* **Supplied information**

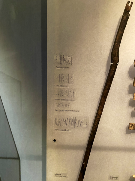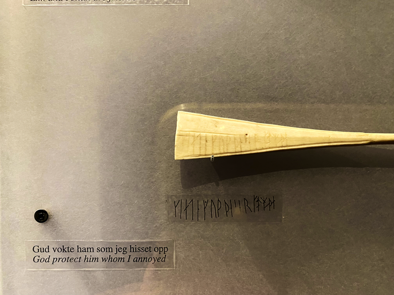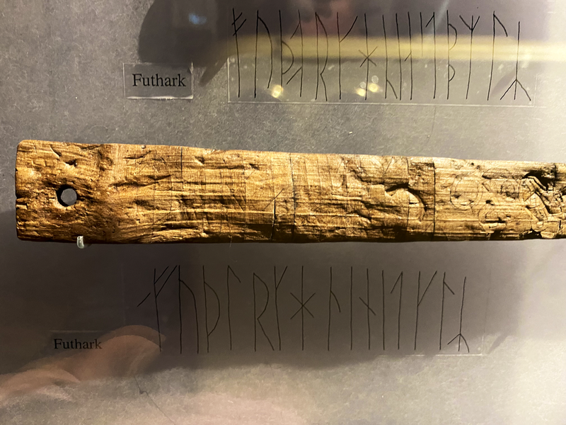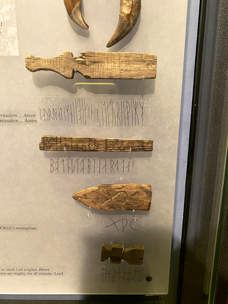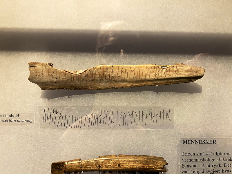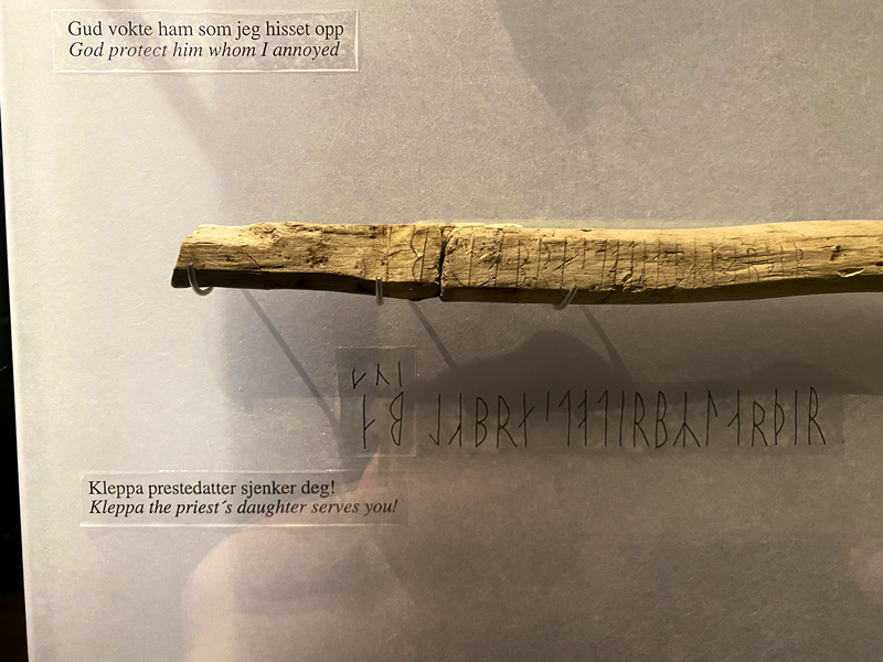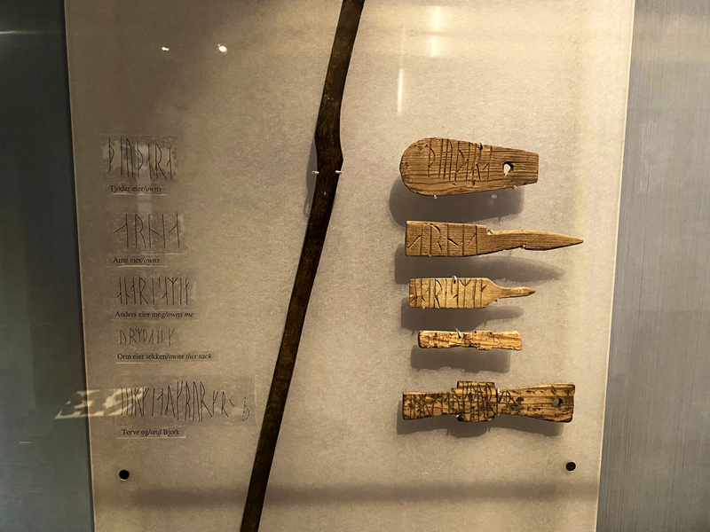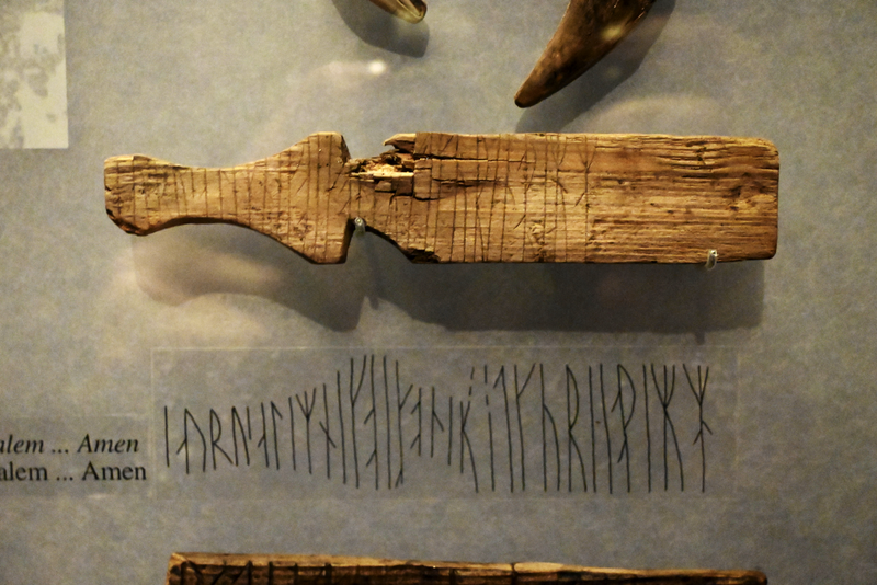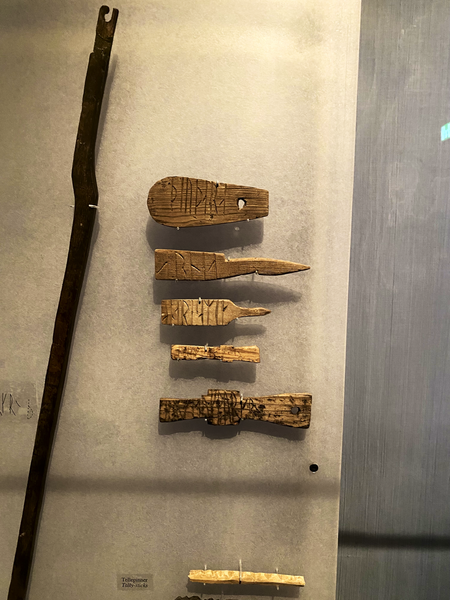 Erstaunlicherweise hatte ich nicht damit gerechnet, dass ich neben den Runen auf dem Kuli-Stein noch ganz viele andere Runeninschriften zu sehen bekam. Eigentlich befinden sich heute Runeninschriften vorwiegend auf Steinen (sogenannte Runensteinen). Die meisten bekannte Runen-Steine stehen in Dänemark und Schweden. Eher selten sind Runeninschriften auf Holz und Knochen. Dies ist durch die natürliche Verwitterung und Zersetzung dieser alten Schriftdokumente gegeben. Um so erstaunter war ich, dass im Museum von Trondheim so zahlreiche Runeninschriften auf Holz und Knochen zu sehen waren.
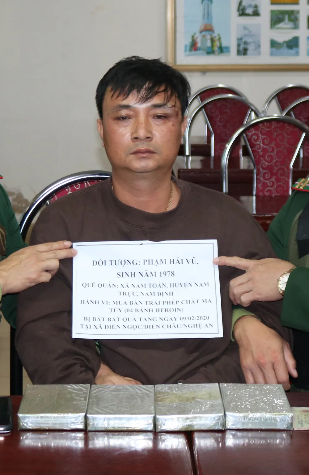 Theo đó, vào thời gian trên, tại xóm Trung Yên (xã Diễn Ngọc, huyện Diễn Châu, Nghệ An), các lực lượng đặc nhiệm của Cục Phòng chống ma túy và tội phạm miền Trung; miền Bắc và các Đồn Biên phòng Hạnh Dịch, Diễn Thành (thuộc Bộ đội Biên phòng Nghệ An) bắt được đối tượng Phạm Hải Vũ (33 tuổi, trú tại TP Nam Định, tỉnh Nam Định) đang vận chuyển trái phép chất ma túy.
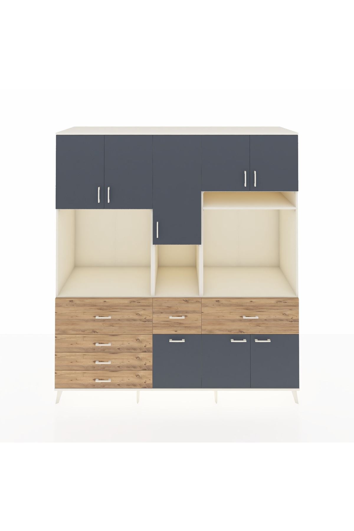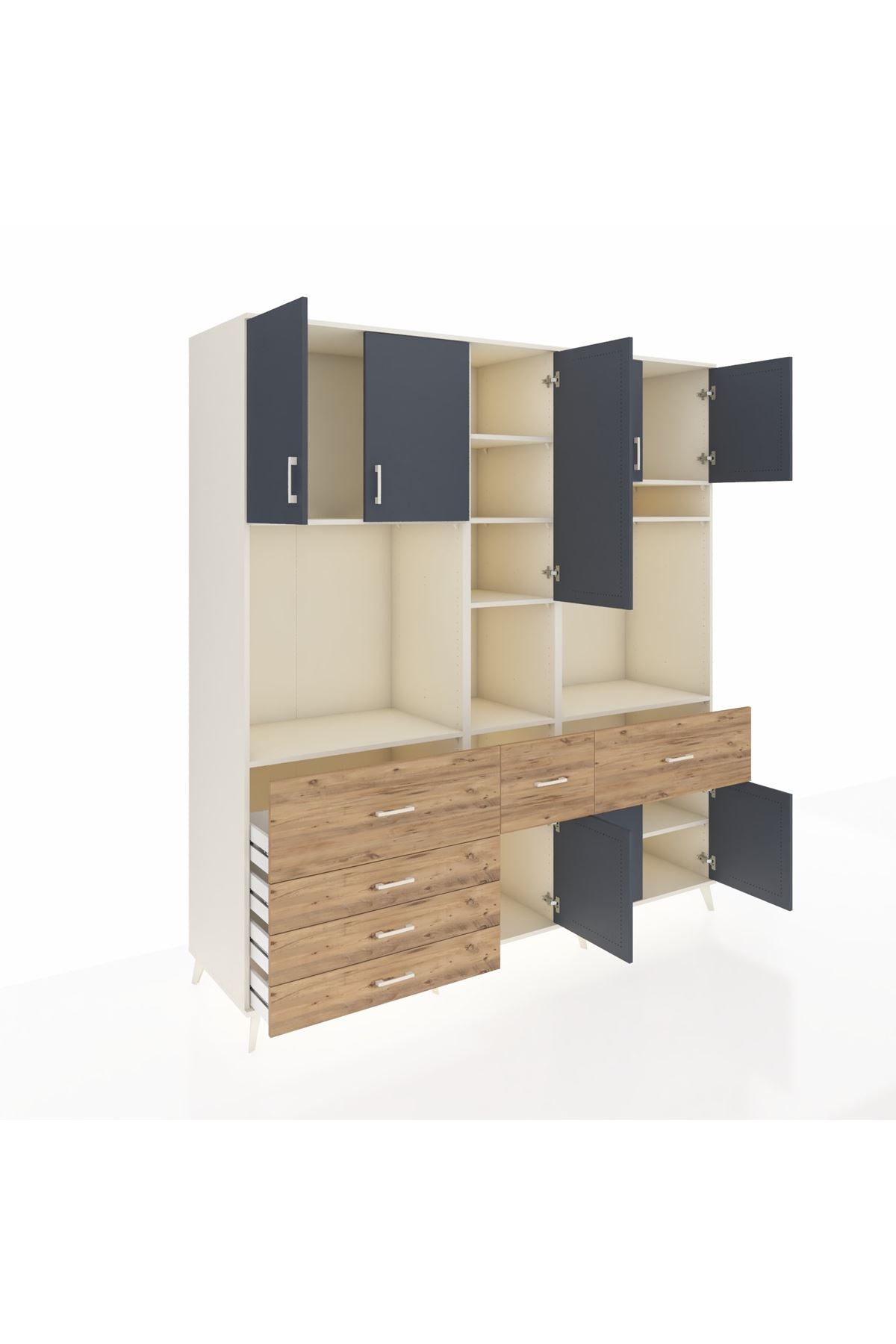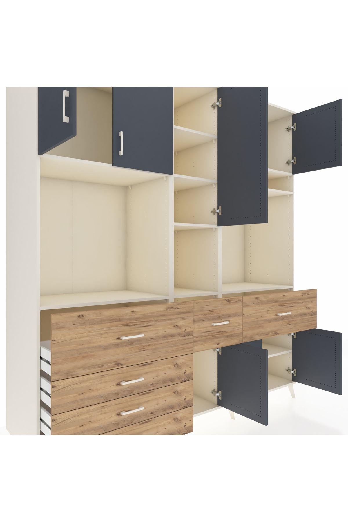 Kronos Dolap 10 Raflı 6 Çekmeceli 8 Kapaklı 220x59x243 Aytaşı-Antrasit/Çam

* **Your task**
Pictures should not appear; only the lines from the start of the listing above to the line containing "Theo đó, vào", both ends included, are to be repeated exactly.

* **Response**
 Erstaunlicherweise hatte ich nicht damit gerechnet, dass ich neben den Runen auf dem Kuli-Stein noch ganz viele andere Runeninschriften zu sehen bekam. Eigentlich befinden sich heute Runeninschriften vorwiegend auf Steinen (sogenannte Runensteinen). Die meisten bekannte Runen-Steine stehen in Dänemark und Schweden. Eher selten sind Runeninschriften auf Holz und Knochen. Dies ist durch die natürliche Verwitterung und Zersetzung dieser alten Schriftdokumente gegeben. Um so erstaunter war ich, dass im Museum von Trondheim so zahlreiche Runeninschriften auf Holz und Knochen zu sehen waren.
 Theo đó, vào thời gian trên, tại xóm Trung Yên (xã Diễn Ngọc, huyện Diễn Châu, Nghệ An), các lực lượng đặc nhiệm của Cục Phòng chống ma túy và tội phạm miền Trung; miền Bắc và các Đồn Biên phòng Hạnh Dịch, Diễn Thành (thuộc Bộ đội Biên phòng Nghệ An) bắt được đối tượng Phạm Hải Vũ (33 tuổi, trú tại TP Nam Định, tỉnh Nam Định) đang vận chuyển trái phép chất ma túy.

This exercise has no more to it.